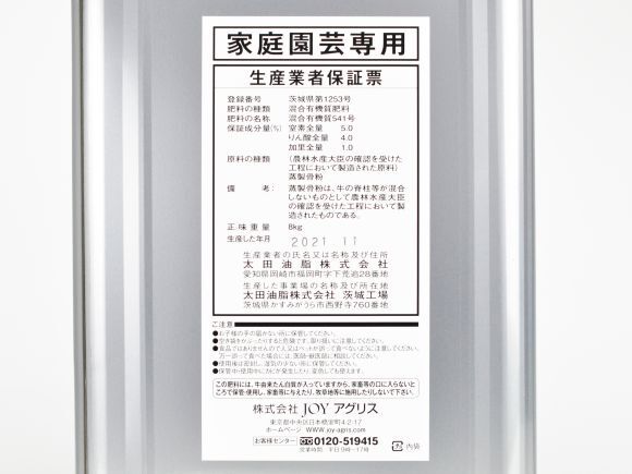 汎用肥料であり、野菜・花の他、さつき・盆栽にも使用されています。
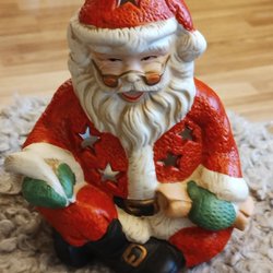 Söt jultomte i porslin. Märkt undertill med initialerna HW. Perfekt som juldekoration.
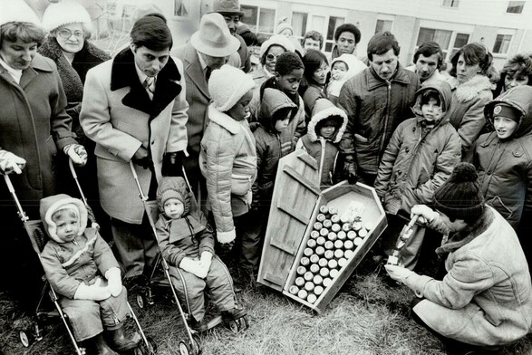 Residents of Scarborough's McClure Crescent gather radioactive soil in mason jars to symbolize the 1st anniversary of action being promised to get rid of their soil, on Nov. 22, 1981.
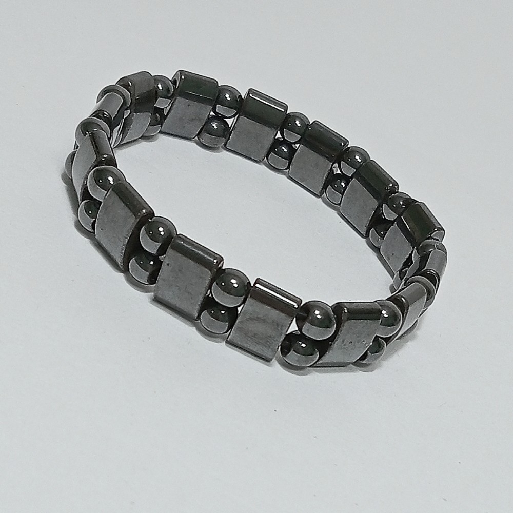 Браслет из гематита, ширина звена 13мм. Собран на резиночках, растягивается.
+-------+
Aim of the task — With the pictures removed, set down every line of the listing above exactly.

Written reply —
 汎用肥料であり、野菜・花の他、さつき・盆栽にも使用されています。
 Söt jultomte i porslin. Märkt undertill med initialerna HW. Perfekt som juldekoration.
 Residents of Scarborough's McClure Crescent gather radioactive soil in mason jars to symbolize the 1st anniversary of action being promised to get rid of their soil, on Nov. 22, 1981.
 Браслет из гематита, ширина звена 13мм. Собран на резиночках, растягивается.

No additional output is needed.